Further, in the present invention, the shrinkage in the drying process after supporting the slurry is small, and the portion where the water is scattered forms pores to promote gas diffusion into the catalyst. This makes it possible to dramatically increase the activity as compared with the conventional coating method. The catalyst of the present invention not only achieves high strength and high activity by the above-mentioned actions, but also has the following great effects on catalyst production.

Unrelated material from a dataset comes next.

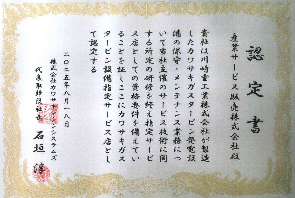 このたび、弊社は 株式会社カワサキマシンシステムズ様より「カワサキガスタービン設備指定サービス店」の認定書 を賜りました。
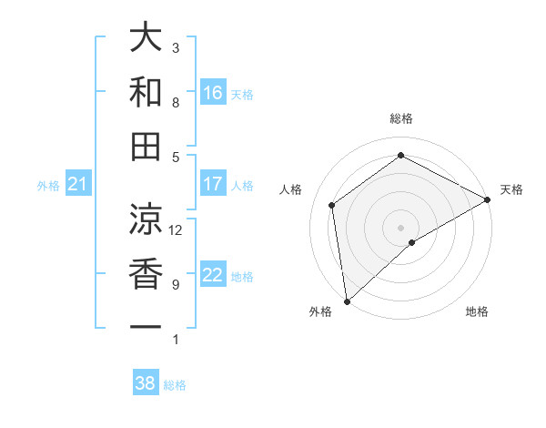 大和田 涼香一さんを姓名の画数から五運を鑑定

In a conventional slurry for slurry coating,
The slurry state is affected by inorganic metal ions. For this reason, when it is attempted to continuously manufacture a unit in which a metallic base material is laminated, the viscosity of the slurry is gradually increased by the dissolved metal ions, and it is difficult to carry the slurry. On the other hand, since the viscosity of the slurry does not increase even if the metal substrate is immersed in the slurry of the present invention, the catalyst slurry can be continuously coated, and a production method suitable for mass production is possible.

[0020]

DESCRIPTION OF THE PREFERRED EMBODIMENTS Hereinafter, specific embodiments of the present invention will be described. Example 1 A slurry obtained by adding 90 g of molybdenum trioxide (MoO ₃ ) and 100 g of ammonium metavanadate (NH ₄ VO ₃ ) to 900 g of water was gently stirred at room temperature for 20 hours to allow the two to react and completely dissolve. Chemical formula (NH ₄ ) ₃ Mo ₂
A brown clear solution containing the compound represented by V ₃ O ₁₅ was obtained. The solid content of the obtained reaction solution is 17.5% by weight.
Colloidal silica (manufactured by Nissan Chemical Industries, trade name OS sol, SiO ₂ content: 20%) was mixed and added at a weight ratio of 7: 3 to the obtained Mo-V compound solution to prepare a mixed solution. 106 g of this mixed solution was dispensed, and E glass fiber (Central Glass Co., trade name: Milled Fiber EFH-100,
10 g (length: 100 μm) (50% of titanium oxide) and 50 g of titanium oxide powder (G5, manufactured by Millennium Co., Ltd.) were added, followed by stirring to obtain a coating slurry of the present invention.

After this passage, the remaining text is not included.